Students: “Erosion!”
Teacher: “Perfect! Now, what is happening to the chalk when I rub it across the blackboard?”

And on and on.

While this process looks rather long and drawn out on paper (or the web) it is actually a fast paced, snappy exercise that only takes a minute or two. Using choral response is a quick, efficient way to segment your teaching, allowing students to integrate their new learning with their prior knowledge.

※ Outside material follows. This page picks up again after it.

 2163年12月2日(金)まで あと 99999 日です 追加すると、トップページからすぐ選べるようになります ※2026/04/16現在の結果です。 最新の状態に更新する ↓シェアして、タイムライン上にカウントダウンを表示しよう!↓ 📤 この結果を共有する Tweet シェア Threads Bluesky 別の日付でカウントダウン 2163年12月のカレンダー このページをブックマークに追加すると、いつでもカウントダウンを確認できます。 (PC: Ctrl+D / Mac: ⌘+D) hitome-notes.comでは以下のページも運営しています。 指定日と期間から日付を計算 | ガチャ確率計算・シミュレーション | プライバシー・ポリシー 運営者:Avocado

Since we all want our students to be able to apply what they are learning to their lives, we should give our students many differing examples, and many opportunities to apply their learning to different contexts. Research has found that exposing students to differing examples of the same concept helps them transfer their learning (Jacobson et al., 2020).

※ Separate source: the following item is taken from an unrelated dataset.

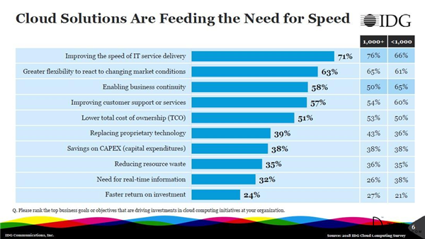 76%的大型企業正在尋求云應用和平臺以加速IT服務的交付。多年來,云計算已經被視作是一個降低成本的優先策略,現在它已經成為數字化業務模式的推動者。IT部門要求快速交付云應用及平臺組件的期望與壓力從未如此之高。而云投資的目的是為企業帶來更大的靈活性,以及它們對不斷變化的市場環境做出反應的能力(63%的全體受訪者對此表示同意),從而推進數字化業務模式的實現。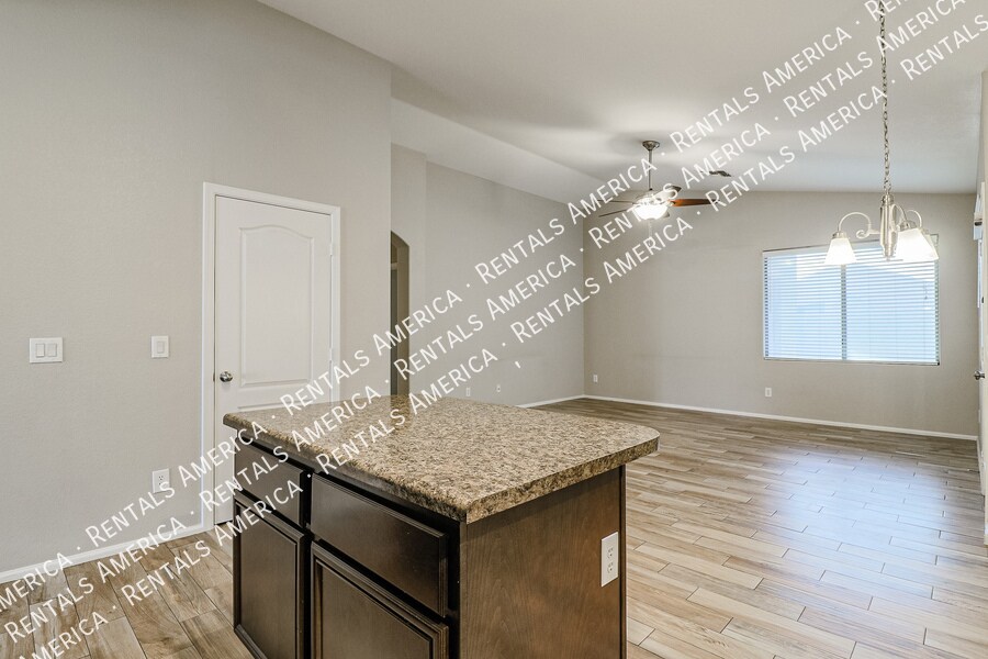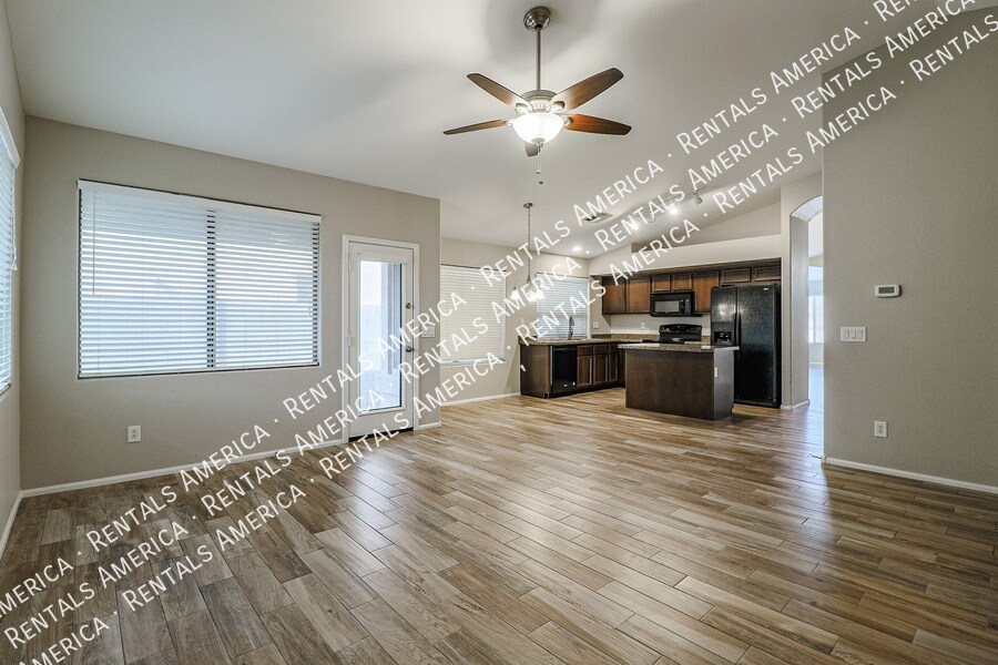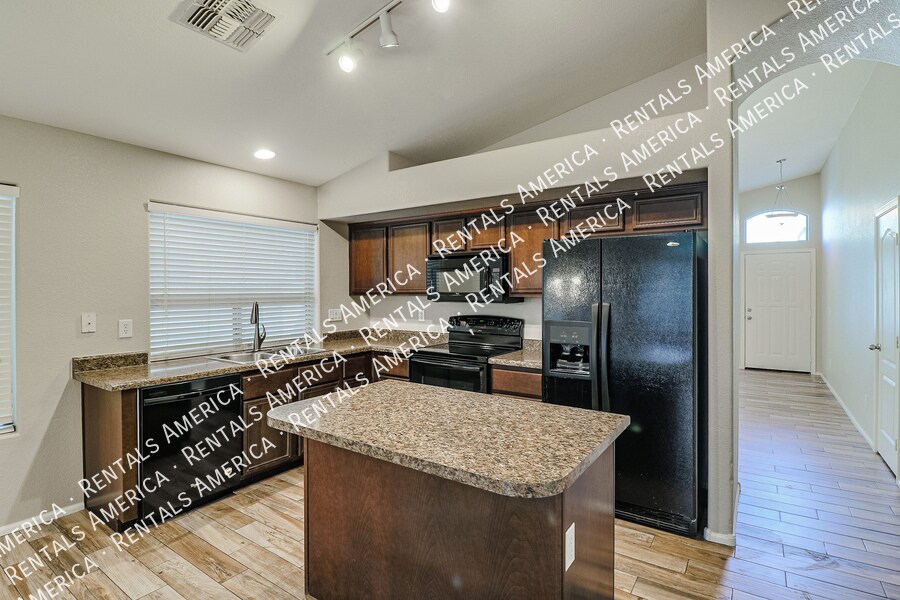 1/2 OFF 1st Full Month's Rent if Move In by Nov 30th! Beautiful open layout formal living / kitchen at entry leads to kitchen, then family room with side access to back yard. Kitchen features island w/ breakfast bar, all black appliances, built-in microwave rich, dark cabinetry and dining area. Large family room w/ side access to functional back yard with a covered paver patio, open paver patio w/ firepit and bordered grass area. Owner suite includes spacious bedroom, walk-in closet, double sink vanity, garden tub, walk-in shower and back patio access. Attractive plank tile in all livable areas. Carpet in all bedrooms. Vaulted ceilings, recessed lighting, updated fixtures and ceiling fans throughout. Minor repairs scheduled. One Time Admin Fee: $300, Pet Deposit: $300/pet (If applicable), Rental Service Fee: 2%. Resident Benefits Package: $39/month. Helping Heroes Discount Available! Dryer Pets Allowed Washer

More Examples, More Transfer

After my students have a basic understanding of the key terms and their applications, I branch into more examples to help them generalize (transfer) their learning, often using short videos. I would then end this segment of class with  a similar routine of choral response and think-pair-share.

Teacher: “The mud sliding down the mountain is an example of…”
Students: “Erosion!”
Teacher: “Good! And when that rock crashed into the other rock and exploded, it was an example of….”
Students: “Weathering!”

Immediately following the choral response, I would shift into a pair-share (the think part was ~completed in the choral response and all students will at least know the answer, if not the explanation). The purpose for the immediate shift is to keep momentum going and build anticipation. I would have students explain to each other why one part was weathering and why the other was erosion. Then I would conclude this segment of instruction by having several students share their answers, followed by me clearly and succinctly restating or correcting their answer to the class.

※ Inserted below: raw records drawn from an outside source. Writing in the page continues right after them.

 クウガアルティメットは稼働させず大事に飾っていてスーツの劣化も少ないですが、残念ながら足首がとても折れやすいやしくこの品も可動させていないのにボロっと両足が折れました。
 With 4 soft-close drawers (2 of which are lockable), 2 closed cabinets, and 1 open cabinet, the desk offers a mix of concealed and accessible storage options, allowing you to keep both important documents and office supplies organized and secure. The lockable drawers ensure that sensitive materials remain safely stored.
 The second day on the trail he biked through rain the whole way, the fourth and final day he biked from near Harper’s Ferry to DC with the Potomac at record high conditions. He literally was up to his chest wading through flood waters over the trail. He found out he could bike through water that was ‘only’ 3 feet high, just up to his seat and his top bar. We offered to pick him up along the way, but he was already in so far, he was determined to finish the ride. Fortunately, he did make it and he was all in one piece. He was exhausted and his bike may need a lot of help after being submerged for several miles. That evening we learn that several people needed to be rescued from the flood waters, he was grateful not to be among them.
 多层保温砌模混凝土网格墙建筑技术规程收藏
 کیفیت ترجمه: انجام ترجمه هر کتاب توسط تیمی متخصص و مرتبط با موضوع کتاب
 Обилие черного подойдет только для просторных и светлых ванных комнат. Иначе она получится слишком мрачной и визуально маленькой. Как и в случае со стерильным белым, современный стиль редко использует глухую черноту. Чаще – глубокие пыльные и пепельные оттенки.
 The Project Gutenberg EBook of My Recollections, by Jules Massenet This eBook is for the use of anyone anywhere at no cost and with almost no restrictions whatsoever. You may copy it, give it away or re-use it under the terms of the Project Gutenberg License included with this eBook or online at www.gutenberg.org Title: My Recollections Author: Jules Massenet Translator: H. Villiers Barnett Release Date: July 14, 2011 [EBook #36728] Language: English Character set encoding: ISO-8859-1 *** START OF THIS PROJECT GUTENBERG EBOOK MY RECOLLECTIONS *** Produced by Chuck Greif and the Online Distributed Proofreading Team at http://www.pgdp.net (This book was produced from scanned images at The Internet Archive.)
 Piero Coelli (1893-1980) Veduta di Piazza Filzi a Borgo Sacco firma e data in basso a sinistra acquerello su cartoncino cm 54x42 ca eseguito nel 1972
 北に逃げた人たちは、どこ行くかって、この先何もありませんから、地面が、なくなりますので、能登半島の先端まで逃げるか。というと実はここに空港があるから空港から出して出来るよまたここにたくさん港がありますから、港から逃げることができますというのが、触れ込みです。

Digging Deeper and Building Up

As we dig deeper into the concept of the rock cycle, we will add complexity to weathering and erosion. For example, we may dig into how the material affects the rate of weathering and erosion. Or we may explore how the volume of the weathering/erosive agent affects the rate of weathering and erosion. And as we add complexity, we are always referring back to what was learned previously. This helps make learning cumulative, gives students practice with a diverse array of examples which helps them transfer their learning, and it cements previous learning (ideally to the point of automaticity).

As you can tell by the previous paragraph, segmenting isn’t just something that you should take into account within your lesson, it ought to be taken into account throughout your unit planning. And actually implementing segmenting into your instruction will take time, meaning you will likely cover less content. But, the research shows your students will likely learn and retain more of the content/skills than otherwise. In addition, you can use strategies like choral response and think-pair-share to make the segments an effective use of time.

Sources

Agarwal, P. K. (2019). Retrieval practice and Bloom’s taxonomy: Do students need fact
knowledge before higher order learning? Journal of Educational Psychology, 111, 189-209.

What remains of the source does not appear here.